Optimization

What happens when every parameter in a 10-billion‑parameter language model seems to pull the loss surface in a different direction? In 1696 Johann Bernoulli saw that to minimize travel time you had to drop quickly at first, even if it meant a steeper slope—his Brachystochrone curve did not follow the straight line a novice would guess, because the best path trades off curvature and gravitational gain. Modern optimizers face the same trade-off but in a higher‑dimensional, constraint-heavy space: step too aggressively and you blow through a manifold described by normalization, spectral bounds, or numerical precision; step too timidly and the compute budget balloons. This page lays out why every stakeholder cares: product teams measure inference cost per token, researchers care about converging on safety criteria, and curious learners need a clear analogy plus a runnable notebook to see the geometry at work.

The territory¶

Optimization happens between architecture and deployment budget. Transformer layers, diffusion UNets, and even diffusion-free MLPs do not share uniform curvature; their gradients live on manifolds whose geometry is shaped by dropout, normalization, attention scaling, and mixed precision. The parameterization scale—that is, how much a coordinate change alters the loss—varies not only from tensor to tensor but from training stage to training stage. The constraint geometry—the way gradients from different coordinates interact because of shared invariants such as spectral norms or conservation of energy—forces an optimizer to stabilize direction scaling. The tension is simple: the optimizer must translate the architectural and deployment constraints into algorithmic geometry instead of chasing a single global step size. For product leaders this matters because misaligned geometry is wasted compute, and for engineers it manifests as loss spikes and brittle convergence.

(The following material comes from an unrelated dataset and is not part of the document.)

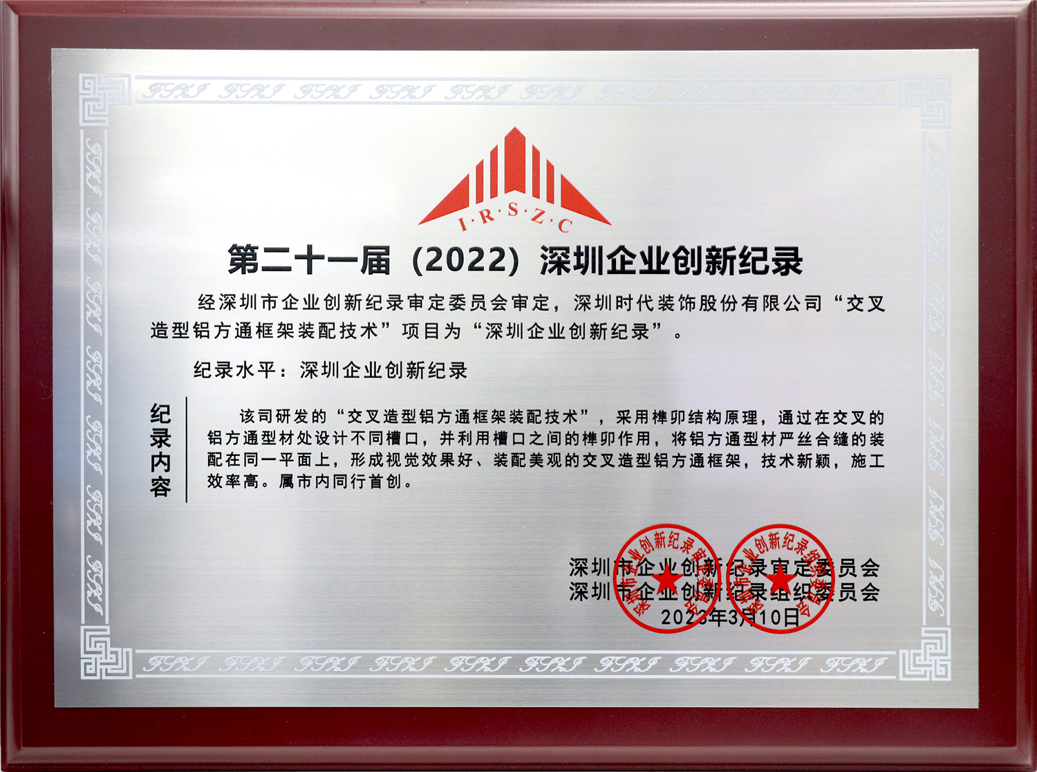 第二十一屆“深圳企業(yè)創(chuàng)新紀(jì)錄”審定會(huì)議成功召開,經(jīng)深圳市企業(yè)創(chuàng)新紀(jì)錄審定委員會(huì)委員認(rèn)真審議,最終審定通過151家企業(yè)的205個(gè)項(xiàng)目為第二十一屆“深圳企業(yè)創(chuàng)新紀(jì)錄”。其中,由我司自主研發(fā)的“交叉造型鋁方通框架裝配技術(shù)”成功獲評(píng)。目前該技術(shù)已在我司承建的華潤(rùn)萬象食家等多個(gè)項(xiàng)目成功實(shí)施,屬于市內(nèi)同行首創(chuàng)。

The 300 Years of Optimal Control retrospective (Taha 2017) [https://lab.vanderbilt.edu/taha/wp-content/uploads/sites/154/2017/10/300Years_Of_Optimal_Control.pdf] traces the same tension from the Brachystochrone to Pontryagin’s Minimum Principle, showing that every fastest path is a solution to an algebraic system of constraints. Kuhn-Tucker duality and feasibility certificates such as Farkas’ lemma encode those constraints into algebraic objects, and Varaiya’s lecture notes on optimization (Varaiya 1972) [http://people.eecs.berkeley.edu/~varaiya/papers_ps.dir/NOO.pdf] rewrite the control problem in a Hamiltonian/Lagrangian form that mirrors the optimizer’s update rule. The core concepts we now rely on—parameterization scale, constraint geometry, adaptivity, orthogonality, and trust regions—map directly to these classical ideas, so the page follows this historical arc from continuous control to discrete KKT multipliers to AdaMuon’s orthogonal adaptivity.

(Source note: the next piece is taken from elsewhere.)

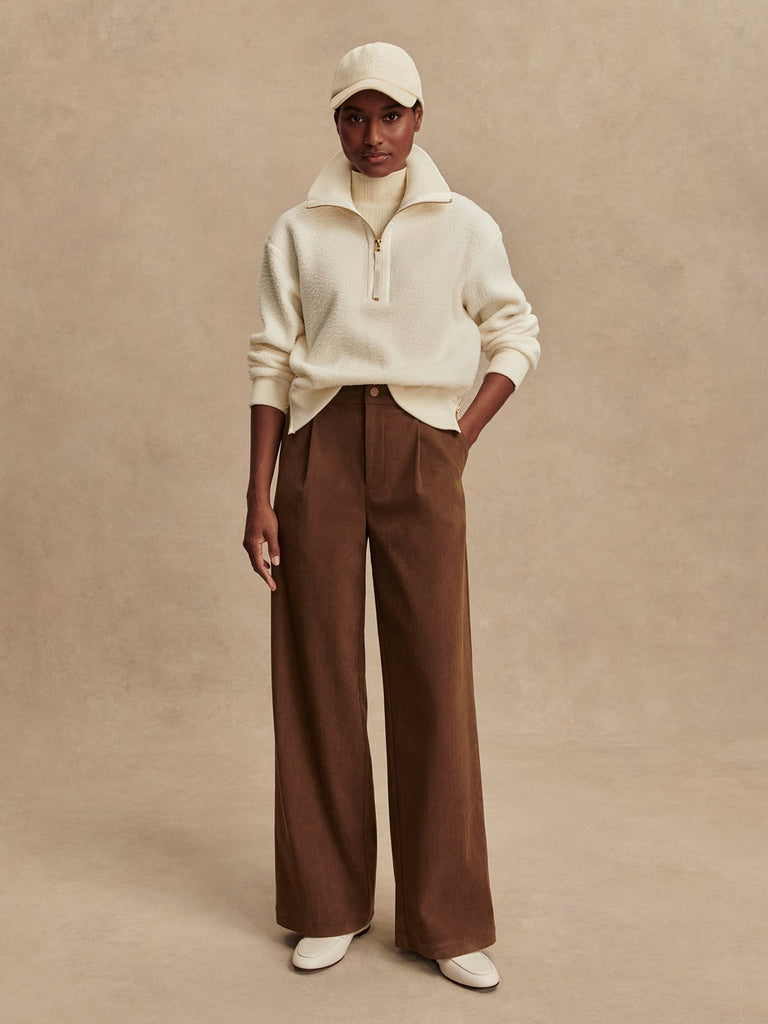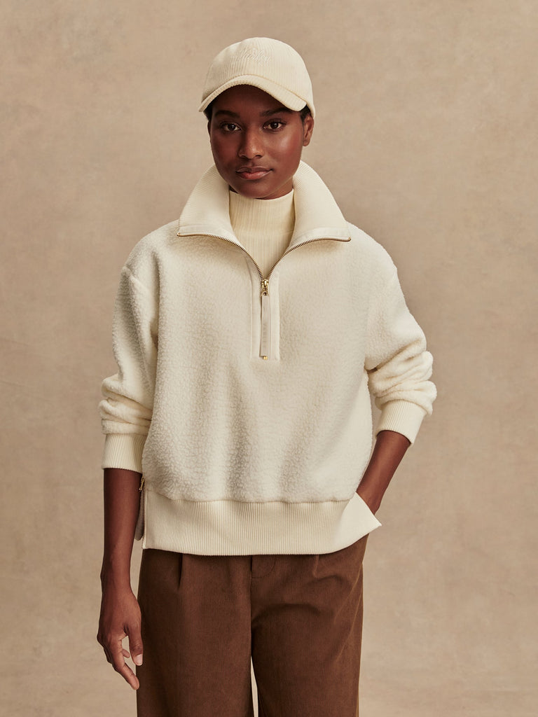 Designed for cool weather layering, the Roselle is a relaxed yet refined half-zip fleece.
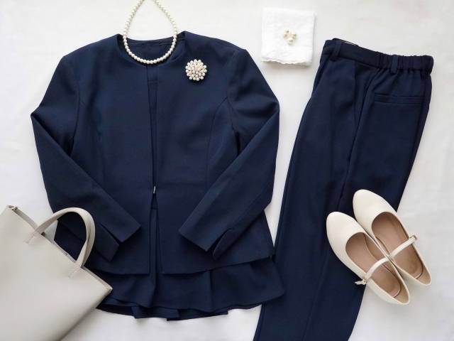 ジャケット+おしゃれブラウス+動きやすいパンツスーツが素敵な大人のオケージョンコーデ。

Where this concept appears: this page is the central node in the optimization arc between [[gradient-descent]], which introduces step direction choices, and [[regularization]], which explains how to keep the geometry within safe cones. It also connects to [[normalization]] for parameter scaling and the [[inference-optimization]] engineering stories that operationalize these geometric insights.

How it works¶

From the Brachystochrone to discrete control¶

The Brachystochrone illustrates the same geometric trade-offs we face when choosing optimizer steps. The time functional

\[ T[y] = \int_{x_0}^{x_1} \sqrt{\frac{1 + (y'(x))^2}{2g y(x)}}\,\mathrm{d}x, \]

where \(y(x)\) is the height along the horizontal axis, \(y'(x)\) is its derivative, and \(g\) is gravitational acceleration, integrates the instantaneous time cost of a trajectory between \(x_0\) and \(x_1\). The numerator penalizes curvature—the steeper the slope, the more the numerator inflates—while the denominator rewards being low: a larger \(y(x)\) (i.e., greater drop) speeds the journey. The minimizer therefore does not follow a straight line; a short, steep initial drop reduces the denominator faster than the numerator grows, the same way an optimizer accepts a locally larger gradient if it aligns with a favorable geometry. The accumulated functional \(T[y]\) mirrors the cumulative cost in discrete optimization when we sum gradient-induced penalties over iterations.

Converting this intuition into algorithmic updates requires control theory’s vocabulary. The control engineer tracks a state \(x(t)\) and a control \(u(t)\) such that \(\dot{x}(t) = f(x(t), u(t))\) and the performance index \(J = \int_0^T L(x(t), u(t))\,\mathrm{d}t\) is minimized. In deep learning the state \(x(t)\) becomes the parameter vector \(\theta\) evolving through parameter space, and the control \(u(t)\) is the optimizer’s preconditioning matrix or update vector. In Varaiya’s formulation, the Hamiltonian links the co-state (Lagrange multiplier) \(\lambda(t)\) to the dynamics, so the control law is implicitly a multiplier that ensures feasibility. Discrete optimizers like Adam, AdaFactor, and AdaMuon therefore inherit this idea: their preconditioners act as learned Lagrange multipliers, adjusting each coordinate’s step to satisfy both the loss descent direction and the manifold defined by the architecture’s constraints.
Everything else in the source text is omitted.